B2. Show in R code the creation of the training set based on your answer to question B1 and the creation of the predictive model of the next value of sequence based on the algorithms: Decision Trees and Support Vector Machines. Then run the algorithm and briefly comment on their performance in prediction, if you know that the actual next value of the sequence is 31.3. performance criterion is the absolute value of the difference between the prediction of the algorithm and the actual value. Were all the algorithms able to achieve a prediction with a small deviation from the true value? Why is it considered that any algorithm(s) underperformed? (if, of course, this is what happened).
Hint: use the functions svm (from the {e1071} package), tree (from the package of the same name) and predict to train and invoke a support model vector machines and decision tree respectively. For the linear regression algorithm use the lm function.
C2. For the transaction table below,
ID, Songs 1,ThisLove,7Days, WonderWall 2,WonderWall, Torn, ThisLove 3,ThisLove,7Days, BeatIt 4,WonderWall, Torn, BillieJean,7Days 5,BillieJean, BeatIt,7Days 6,ThisLove, WonderWall 7,WonderWall, Torn,7Days 8,BillieJean,7Days 9,ThisLove,7Days, WonderWall, Torn 10,BillieJean, BeatIt, ThisLove, WonderWall
using R, you are asked to view all the closed frequent elementary modules as well as the association rules that resulting, assuming a support threshold of 0.5 and a confidence threshold of 0.5 respectively (to show the result of running the appropriate command). Hint: you will need the {arules} package. You will create a songList.csv file with separator of all "," (comma) and use the function read.transactions() to read it correctly as a set of transactions.

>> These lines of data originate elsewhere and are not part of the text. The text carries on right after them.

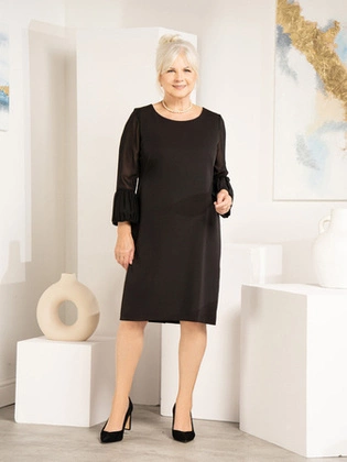 Klasyczna mała czarna z oryginalnym wykończeniem rękawa 34072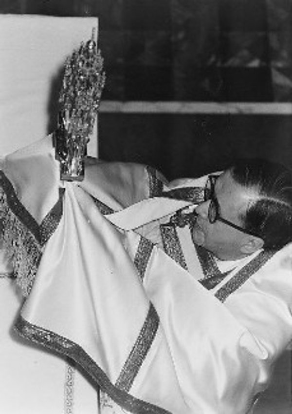 Die Fronleichnamsprozession macht Christus in den Dörfern und Städten der Welt gegenwärtig. Aber diese Gegenwart, ich wiederhole es, darf nicht nur Sache eines Tages sein, ein Ereignis, das man sieht und dann vergißt. Christus, der vorübergeht, prägt uns ein, daß wir Ihn auch in unserer täglichen Arbeit finden müssen. So muß der feierliche Gang dieses Donnerstags aufgehen in dem stillen und schlichten Gang eines jeden Christen durch sein alltägliches Leben: als Mensch unter Menschen, aber mit der Freude des empfangenen Glaubens und gemäß der göttlichen Sendung so zu leben, daß die Botschaft des Herrn auf Erden erneuert wird. Es fehlt nicht an Fehlern, Armseligkeiten und Sünden in unserem Leben. Aber Gott ist mit uns, und wir müssen uns Ihm bereitwillig zur Verfügung stellen, dann wird sein Vorübergang an den Geschöpfen nie mehr enden.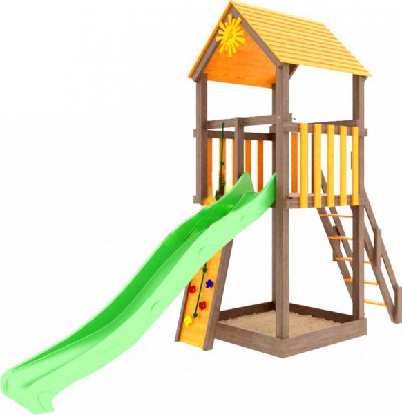 | Комплектация: | конструкция башни, стойки из клееного бруса 90х90; волновая горка 3 м (цвет на выбор); песочница; деревянная лестница; скалодром; комплект фурнитуры; руководство по сборке |

In this exercise we will deal with two clustering algorithms, k-means and DBSCAN. To see their specifics we will use a synthetic corpus data that simulates ring clusters. We will use the synthetic.csv file with this dataset, which is provided with the pronunciation. After the save it in a folder of your choice locally on your computer, you will load it in R and visualize it using the following commands, after installing the {readr}, {ggplot2}, {cluster} and {dbscan} libraries: library(readr) library(ggplot2) library(gggplot(gggdr), library(cluster) library(dbscan) synthetic <- read_csv("[your folder]/synthetic.csv") qplot(synthetic$att1, synthetic$att2, color = synthetic$label, data = synthetic) As you will notice, the data is indeed (almost) organized into 3 clusters, the core, the first_ring and the second_ring.
According to the theory (paragraph 7.2.5 from the book), the k-means algorithm is not suitable for all types of data. Let us see how it deals with specific data, for k=3: kmeansCluster <- kmeans(synthetic[,1:2], center=3) qplot(synthetic$att1, synthetic$att2, color = as.character(kmeansCluster$cluster),data = synthetic). Indeed, the algorithm could not correctly cluster the data because of the the shape of the original clusters.

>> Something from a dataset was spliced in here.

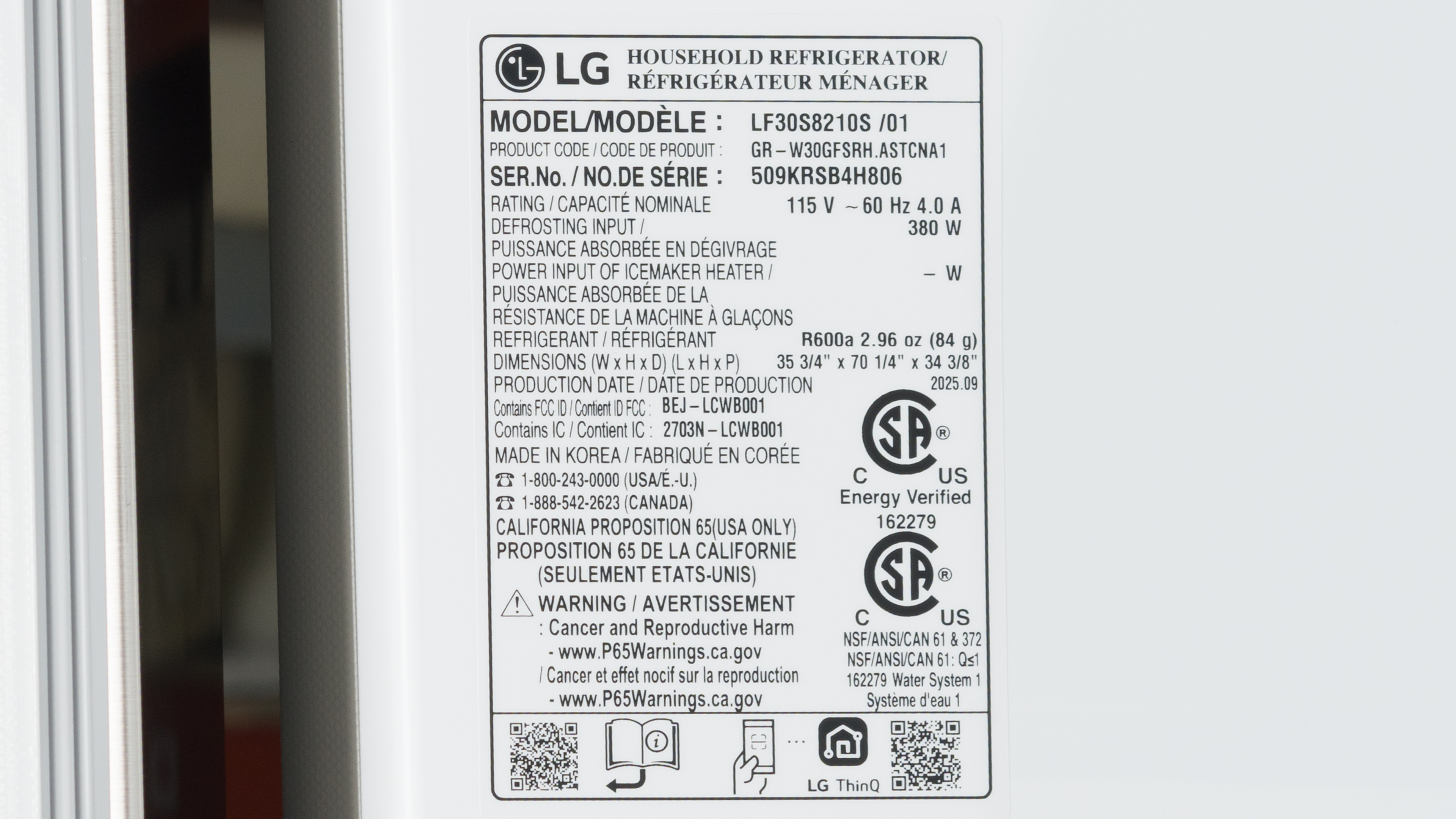 The LG LF30S8210S is only available in a stainless steel finish. For those interested, here's the product label for the unit we bought and tested. If you come across another variant of this refrigerator, let us know in the comments below so that we can update our review.

D1 : Apply the DBSCAN algorithm by testing different parameters eps= [0.5, 1, 2 or 3], minPts=[5, 15, or 20] and print a graph like the one above showing whether DBSCAN is correctly clustering the data. Indicate for which eps and minPts parameters achieved the best result. Hint: use the functions and libraries listed in The use of the libraries and libraries mentioned in the pronunciation, no other is needed.
D2: The given format of the data makes it impossible for the correct clustering by the k-means algorithm. However, if you look more closely at the data, it can be used with a simple trick can work perfectly. Create a new column in your data, named mystery that calculates for each row the Euclidean distance from the origin of the axes (0,0). Then run the k-means algorithm based only on this new column and print the graph with the result of the clustering. Hint: use the functions and libraries mentioned in the pronunciation, you do not need any other.